Посвящение современным поэтам родилось после того, как Байрон от своего соотечественника узнал, что лауреат (то есть придворный поэт. –
«Два года назад, вернувшись из Швейцарии, этот сукин сын заявил, что мы с Шелли создали Общество инцеста и всячески проповедовали свои принципы. Этот негодяй лгал, потому что они не были сестрами… И он солгал еще в одном: между нами не было никакой связи, я всего лишь был едва знаком с мисс К.».
Оттого что посвящение было написано остроумно и весело, оно не становилось менее горьким. Байрон фамильярно отзывался о «Бобе Саути» как об «эпическом отступнике» и клеймил всех представителей «озерной школы» за их верность идеалам тори. Байрон насмехался над «Литературной биографией» Кольриджа, который «объяснял народу метафизику, но лучше бы объяснил свою теорию».
Саути был для Байрона еретиком, защитником королей и тиранов, достойным стать наравне с «интеллектуальным евнухом Каслреем». Звание Саути «лауреат» Байрон зарифмовал с «продажным и презренным Искариотом». Поэт добавил: «Сомневаюсь, что «лауреат» и «Искариот» – хорошая рифма…»
Тем временем Маргарита Коньи, «La Fornarina» или жена булочника, поселилась в качестве домоправительницы во дворце Мосениго, где железной рукой управляла слугами и уменьшила расходы вдвое. Хвастаясь Муру своей свирепой венецианской возлюбленной, с «лицом как у Фаустины и фигурой Юноны, высокой и деятельной, как пифия, со сверкающими глазами и рассыпавшимися по плечам в лунном свете волосами, одной из тех женщин, которые способны на все», Байрон писал: «Уверен, если я вложу ей в руку кинжал, она вонзит его туда, куда я ей скажу, и даже в меня, если я нанесу ей оскорбление. Мне нравятся такие животные, и могу с уверенностью сказать, что всем другим женщинам предпочитаю Медею».
Но через некоторое время Маргарита стала неуправляемой. Байрон писал Меррею: «…если я начинаю сердиться, она всегда рассмешит меня какой-нибудь деревенской шуткой. Цыганка знает об этом и осознает свою способность убеждать, причем все ей удается успешно, как и всем женщинам…» Байрон говорил, что Маргарита была красива «в своем фацциоло, платье, которое носят представительницы низших классов, но, увы, мечтала о шляпке и перьях… Я бросил шляпку в огонь, однако мне надоело сжигать ее наряды, с такой быстротой она их покупала, поэтому она вскоре добилась своего». Однажды когда Байрон направился в Лидо и попал в шторм, то по возвращении обнаружил Маргариту «на ступенях дворца Мосениго на Большом канале. В ее больших черных глазах сверкали слезы, а черные мокрые волосы разметались по плечам… Ее радость при виде меня была смешана с яростью и напомнила мне о тигрице над своими детенышами».

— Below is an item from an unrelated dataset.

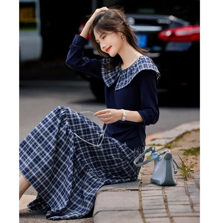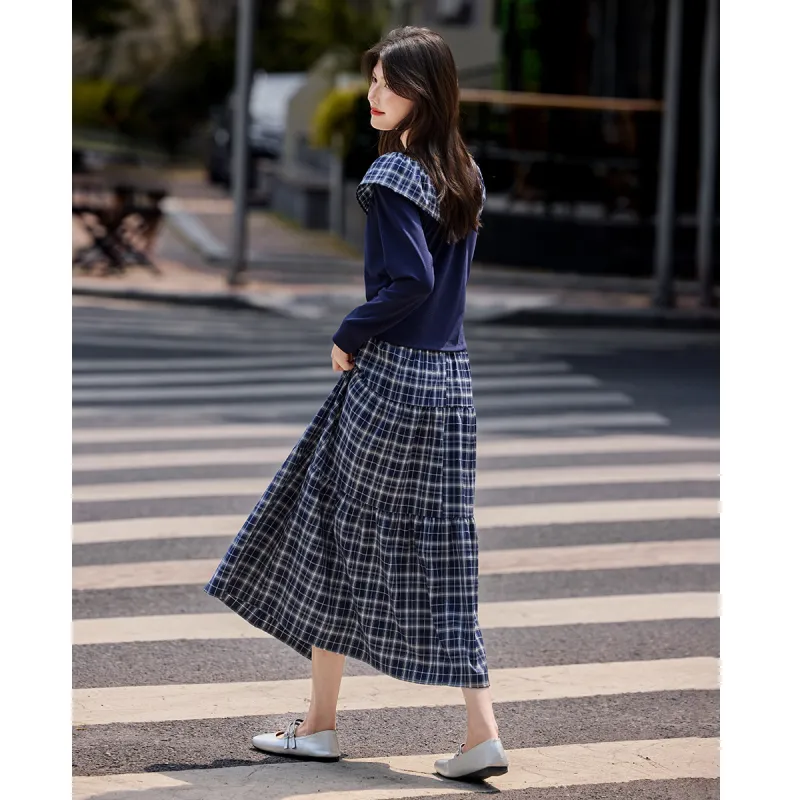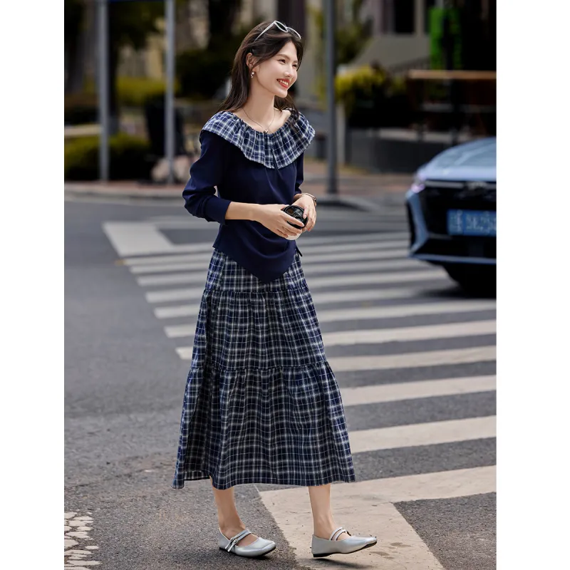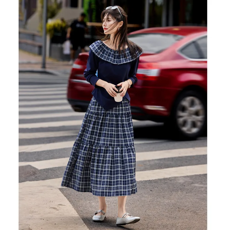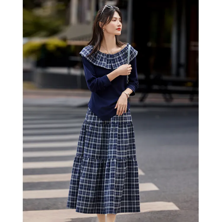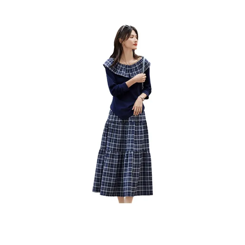 SHANGJING Темно-синий клетчатый женский комплект с юбкой

Когда наконец Байрон сказал Маргарите, что она должна вернуться домой, она угрожала ему кинжалом и страшной местью и, вернувшись на следующий день, слегка порезала ему руку. Он приказал своим гребцам доставить ее домой, но она бросилась в воду, так что пришлось спасать ее и нести в дом. Наконец она поняла, что Байрон хочет избавиться от нее, и ушла сама.
Байрон надолго сохранил воспоминания о Маргарите и думал о ней больше, чем о других своих венецианских возлюбленных. «Забыл сказать, – писал он Меррею на следующий год, – что она была очень набожна и всегда крестилась, заслышав колокольный звон. Порой это совсем не вязалось с тем, чем она была занята в данный миг… Однажды, когда она побила кого-то из слуг и очень рассердила меня, я назвал ее коровой (в Италии это страшное оскорбление). Итак, я назвал ее «vacca». Она обернулась, сделала реверанс и ответила: «Vacca tua, Celenza (Eccelenza)», то есть «Ваша корова, если так будет угодно вашей светлости». Она была, как я уже упоминал, очень хорошим существом со многими прекрасными и забавными качествами, но свирепая и дикая, словно демон. Она часто хвасталась своим воздействием на меня и приписывала это своим физическим и нравственным качествам, которые отдавали должное ее личности, но никак не скромности».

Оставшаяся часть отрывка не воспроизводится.